### Task description
Write the records out again without change. Leave the pictures behind.
========================
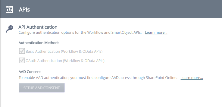 You must set up Azure Active Directory permissions before you can enable the APIs. See Azure Active Directory consent for more information. You do not need Azure Active Directory consent with Nintex Automation using Active Directory.
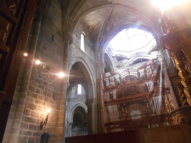 .Es gracias a la posterior restauración, en el siglo XV, que actualmente se pueden apreciar notables muestras románicas como los fustes de mármol sobre los que descansan decoradas arquivoltas con motivos ornamentales provenientes de la escuela del Maestro Mateo y el patín de época románica en el que se halla la Puerta de la Misericordia.
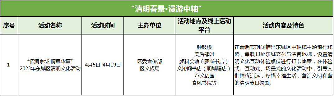 4月5日,“清明春景·漫游中轴”2023年东城区清明文化活动将在钟鼓楼广场拉开帷幕,将邀请文化名人、骑行爱好者、盖章达人等,沿着一条清明主题的东城区文化线路,以踏青的习俗形式,前往钟鼓楼、美后肆时、明城墙遗址公园、颜料会馆、77文创园等11处中轴线沿线的东城文化与消费地标进行打卡,吸引群众广泛参与,感受东城区与中轴线的历史文化魅力。此次活动将于4月5日—4月19日持续开展,分为“万物清明”“寒食怀古”“上巳踏青”三个板块,涵盖历史建筑、戏剧曲艺、阅读空间、文化艺术等众多类别,在传播清明文化,展示路线各打卡点的同时,设置多项清明文化互动体验,引导广大市民在四合院集市快意游园,在实体书店诗词对答,在前门三里河欣赏繁花似锦,在吴裕泰品尝春季绿茶,在体验式、互动式、场景式的文化活动中,感受清明节日节气的文化魅力。
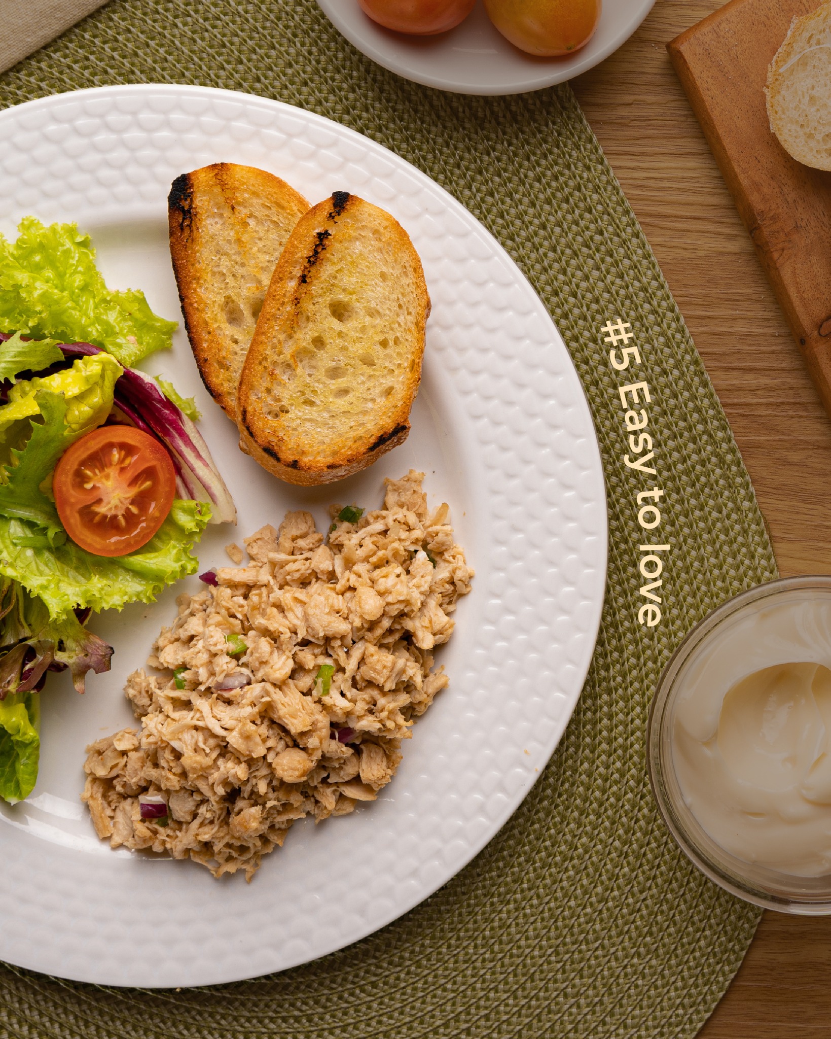 - Cá ngừ chay ngâm dầu Bổ sung ngay vào thực đơn của bạn để chế biến thêm ngàn món ăn ngon đặc sắc với Unmeat nhé! Thành Phần: Nước, lúa mì và protein đậu nành không biến đổi gen, dầu hướng dương (10%), hương liệu tự nhiên (hương cá ngừ), muối, nước dùng rau củ, gia vị (tỏi, hành), chất điều chỉnh độ acid: acid citric (acidulant), chất làm đặc (tinh bột ngô, gum đường ngô), đường và chiết xuất men. Khối lượng tịnh: 180 g/ hộp. Khối lượng ráo nước: 145 -155g/ hộp Hướng dẫn sử dụng: Dùng ăn ngay hoặc chế biến. Hướng dẫn bảo quản: Bảo quản nơi khô mát, tránh ánh nắng mặt trời
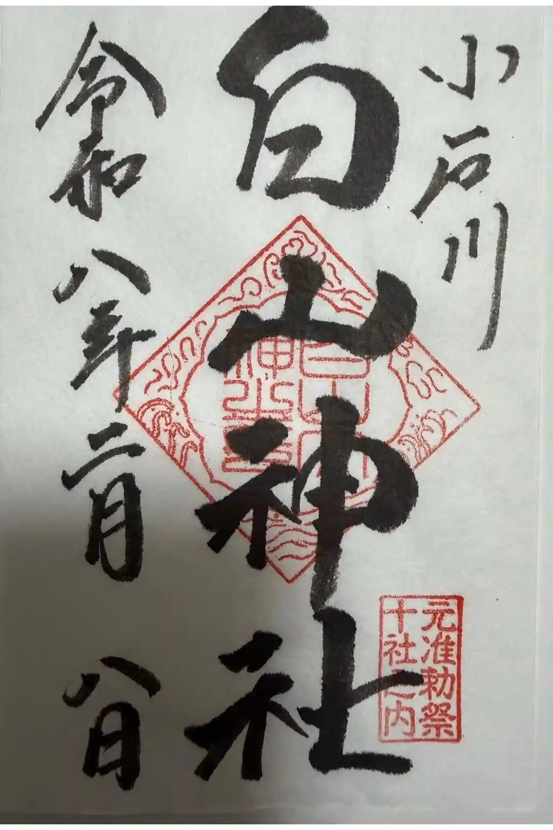 真ん中に神社印が押され、その上から「白山神社」と墨書きされています。
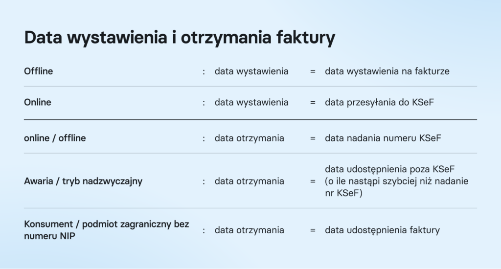 Krajowy System e-Faktur wprowadza nowe zasady związane z datą wystawienia faktury. Co do zasady fakturę ustrukturyzowaną (e-fakturę) uznaje się za wystawioną w momencie wysłania jej do systemu, a dokładnie w momencie nadania numeru KSeF. Nie wtedy, gdy wystawisz ją lokalnie, w swoim programie czy zapiszesz w wersjach roboczych, ale dopiero po wysłaniu jej do KSeF i nadaniu numeru KSeF. Wyjątkiem będą faktury wystawione w trybach offline. Piszemy o nich w kolejnym akapicie.
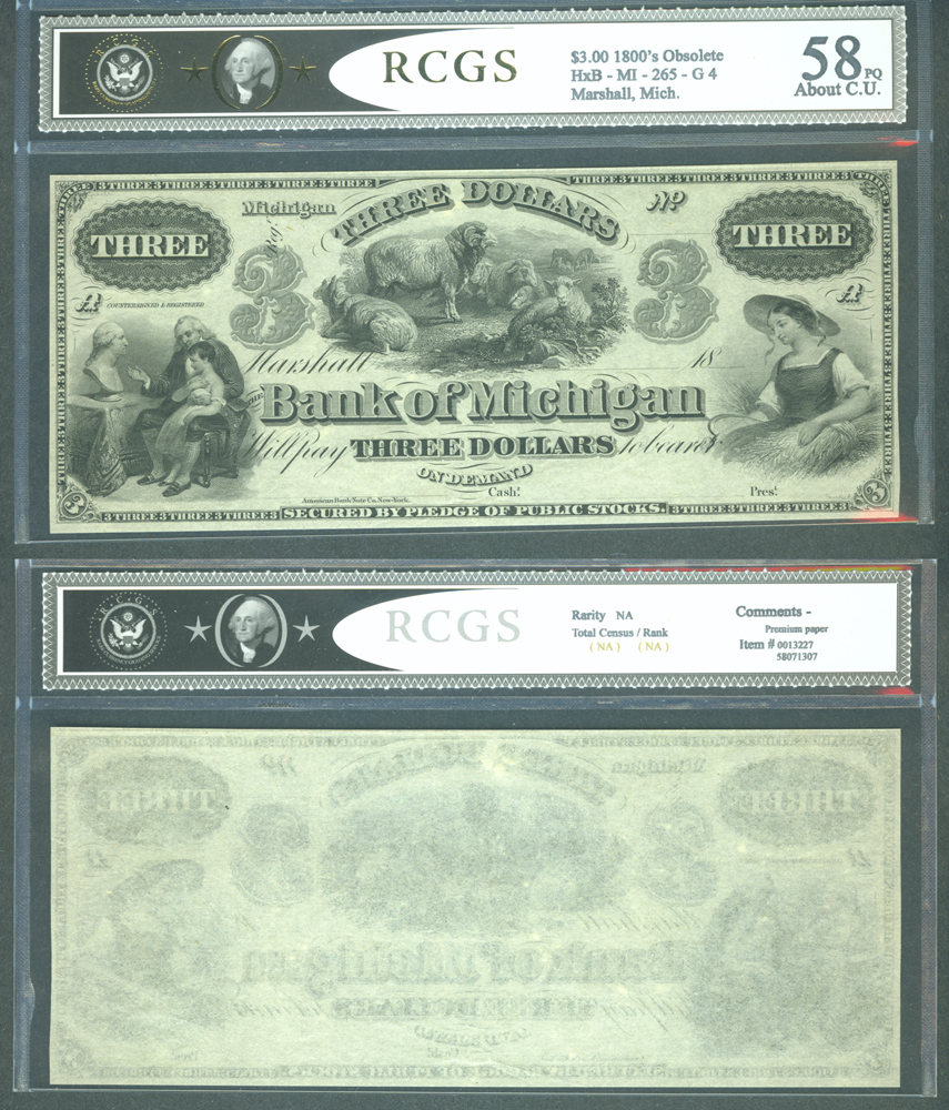 Michigan, La Grange - $5-$3-$1 Cass County Bank (1840s)
========================
### Problem solution
 You must set up Azure Active Directory permissions before you can enable the APIs. See Azure Active Directory consent for more information. You do not need Azure Active Directory consent with Nintex Automation using Active Directory.
 .Es gracias a la posterior restauración, en el siglo XV, que actualmente se pueden apreciar notables muestras románicas como los fustes de mármol sobre los que descansan decoradas arquivoltas con motivos ornamentales provenientes de la escuela del Maestro Mateo y el patín de época románica en el que se halla la Puerta de la Misericordia.
 4月5日,“清明春景·漫游中轴”2023年东城区清明文化活动将在钟鼓楼广场拉开帷幕,将邀请文化名人、骑行爱好者、盖章达人等,沿着一条清明主题的东城区文化线路,以踏青的习俗形式,前往钟鼓楼、美后肆时、明城墙遗址公园、颜料会馆、77文创园等11处中轴线沿线的东城文化与消费地标进行打卡,吸引群众广泛参与,感受东城区与中轴线的历史文化魅力。此次活动将于4月5日—4月19日持续开展,分为“万物清明”“寒食怀古”“上巳踏青”三个板块,涵盖历史建筑、戏剧曲艺、阅读空间、文化艺术等众多类别,在传播清明文化,展示路线各打卡点的同时,设置多项清明文化互动体验,引导广大市民在四合院集市快意游园,在实体书店诗词对答,在前门三里河欣赏繁花似锦,在吴裕泰品尝春季绿茶,在体验式、互动式、场景式的文化活动中,感受清明节日节气的文化魅力。
 - Cá ngừ chay ngâm dầu Bổ sung ngay vào thực đơn của bạn để chế biến thêm ngàn món ăn ngon đặc sắc với Unmeat nhé! Thành Phần: Nước, lúa mì và protein đậu nành không biến đổi gen, dầu hướng dương (10%), hương liệu tự nhiên (hương cá ngừ), muối, nước dùng rau củ, gia vị (tỏi, hành), chất điều chỉnh độ acid: acid citric (acidulant), chất làm đặc (tinh bột ngô, gum đường ngô), đường và chiết xuất men. Khối lượng tịnh: 180 g/ hộp. Khối lượng ráo nước: 145 -155g/ hộp Hướng dẫn sử dụng: Dùng ăn ngay hoặc chế biến. Hướng dẫn bảo quản: Bảo quản nơi khô mát, tránh ánh nắng mặt trời
 真ん中に神社印が押され、その上から「白山神社」と墨書きされています。
 Krajowy System e-Faktur wprowadza nowe zasady związane z datą wystawienia faktury. Co do zasady fakturę ustrukturyzowaną (e-fakturę) uznaje się za wystawioną w momencie wysłania jej do systemu, a dokładnie w momencie nadania numeru KSeF. Nie wtedy, gdy wystawisz ją lokalnie, w swoim programie czy zapiszesz w wersjach roboczych, ale dopiero po wysłaniu jej do KSeF i nadaniu numeru KSeF. Wyjątkiem będą faktury wystawione w trybach offline. Piszemy o nich w kolejnym akapicie.
 Michigan, La Grange - $5-$3-$1 Cass County Bank (1840s)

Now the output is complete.